If conference agrees there should be a strike ballot over pay then IL supporters will throw their heart and soul into winning the vote.
We should be clear though that if we win the vote and get over the 50% threshold it will be despite the current leadership, not because of them.
We have argued that once the results of the consultative ballot were announced in November last year PCS should have gone onto a war footing back then and made the call to be strike ready. Instead the leadership wasted months and only recently has it started to make more serious preparations for a ballot. We cannot get those lost months back.
It is looks as though now there will be frenzy of activity, compressed into a few weeks, to try and persuade the members to (a) vote (given the legislation, everyone who doesn’t vote is effectively a No vote) and (b) to vote Yes to action.

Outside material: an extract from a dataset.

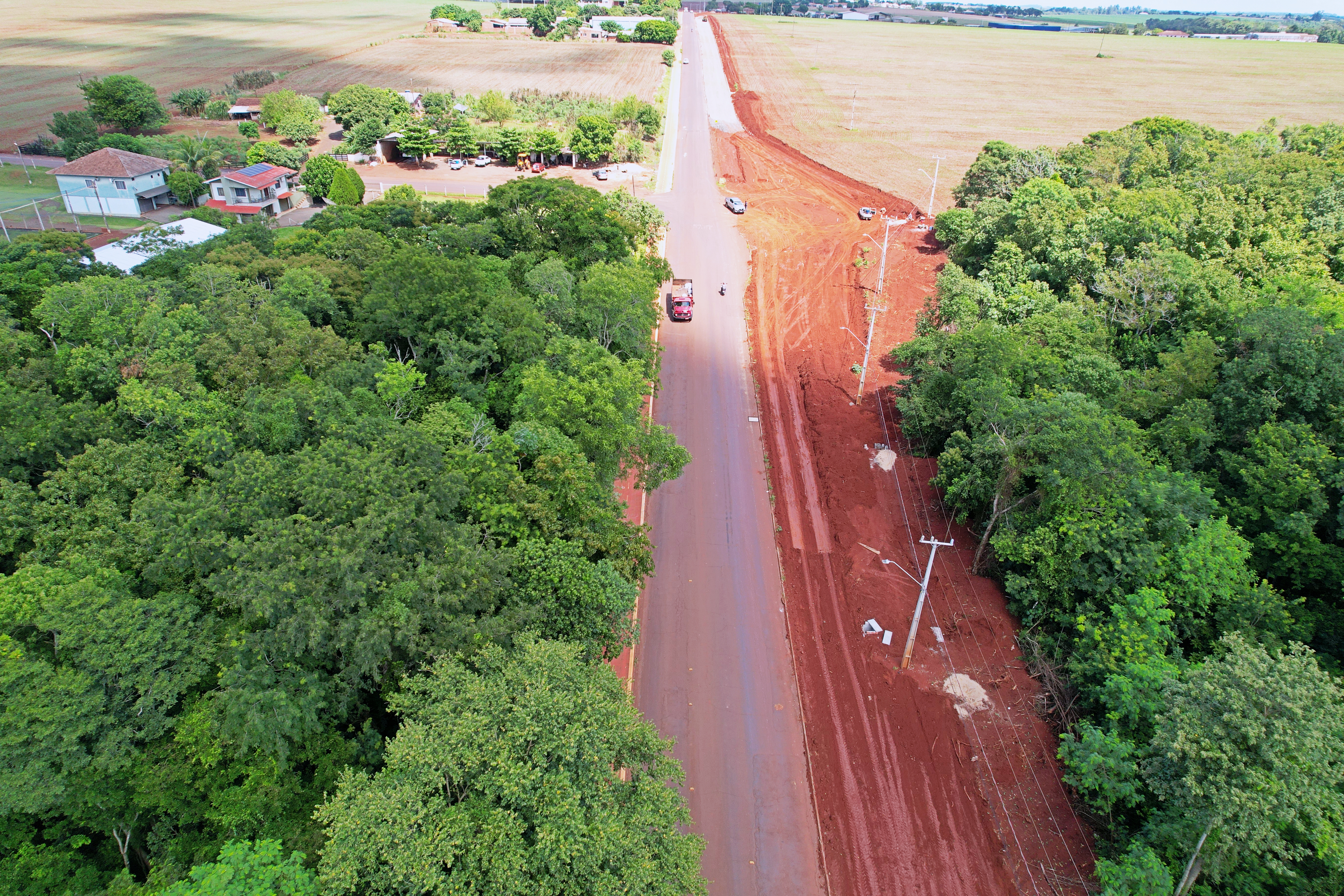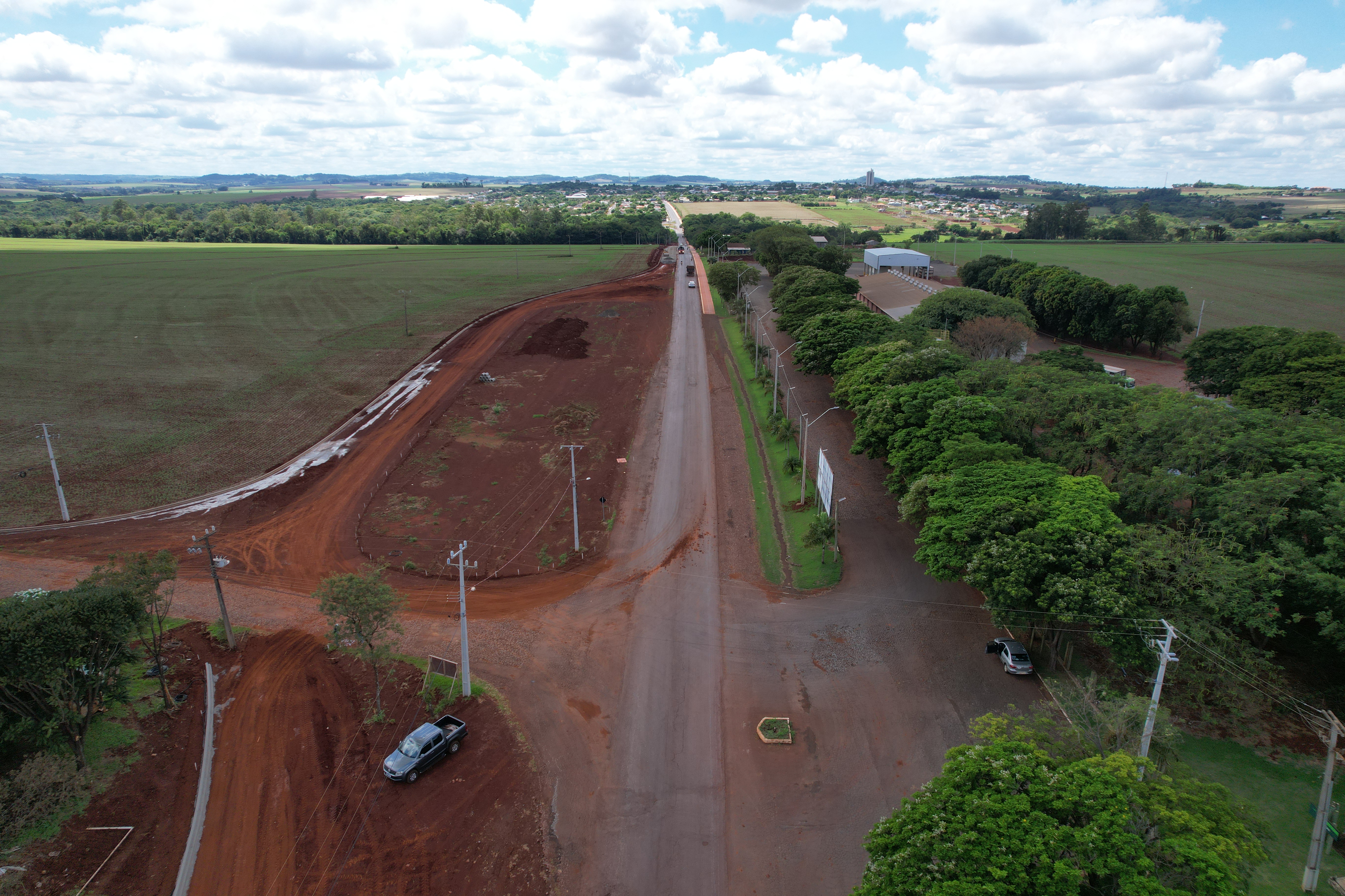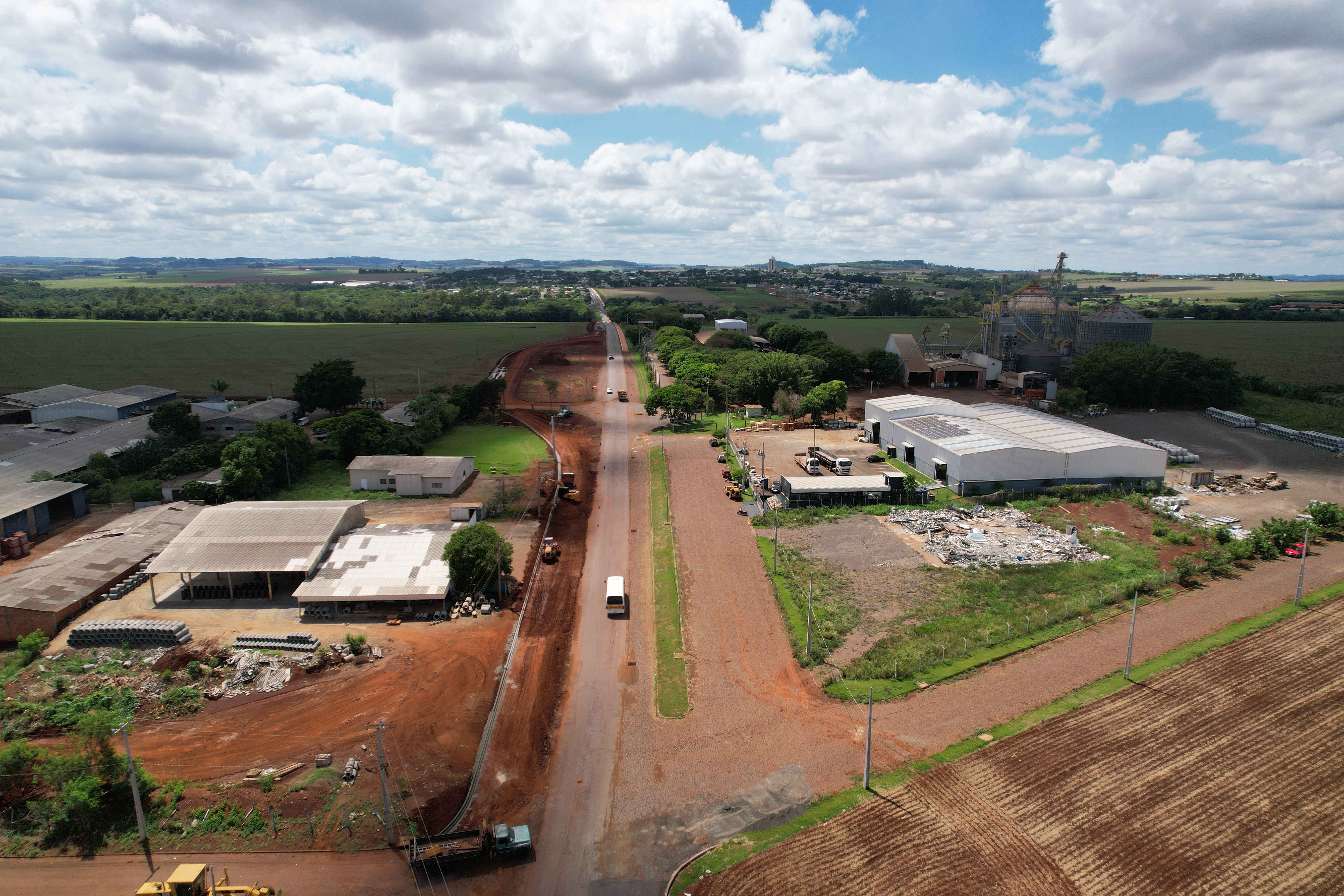 Neste momento os trabalhos estão em andamento nas proximidades da Área Industrial Santa Inês até o acesso à Linha Botafogo, com o ajuste do terreno, implantação de galerias, bocas de lobo e preparando o leito da estrada com a base para receber a pavimentação. Para melhorar o tráfego e dar mais segurança aos produtores e motoristas que acessam o silo da Lar Agroindustrial, está sendo implantado um trevo amplo.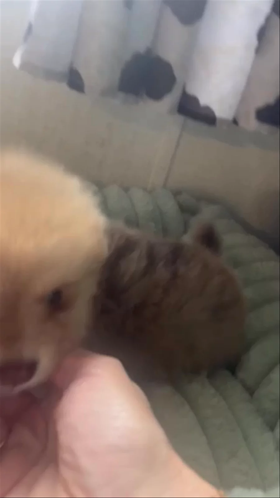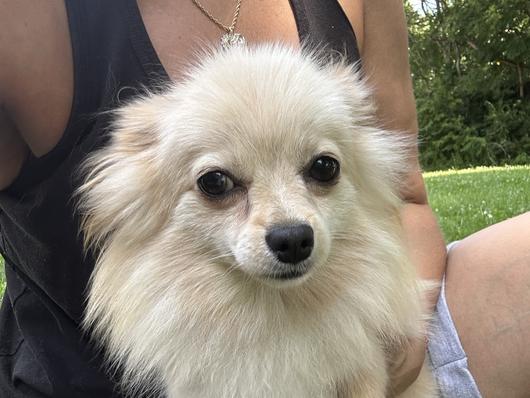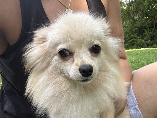June is a small 5 lb cream Pomeranian. The best mama and the sweetest girl!

If this is the case, instead of implementing a carefully worked out detailed plan – a plan that had been discussed and agreed by activists in advance – we are going to bet everything on the roll of the dice and ‘hope’ that it turns out OK. This is not a serious way to run a campaign. In stark contrast the CWU spent seven months preparing for its strike ballot in Royal Mail. Their hard work was rewarded with a huge yes vote. They didn’t hope to win, they planned to win.
So if you want a union who also plans to win, which doesn’t waste months, in other words which is serious, then we ask you to vote for the Independent Left in the current NEC elections and in the DWP and HMRC GEC elections.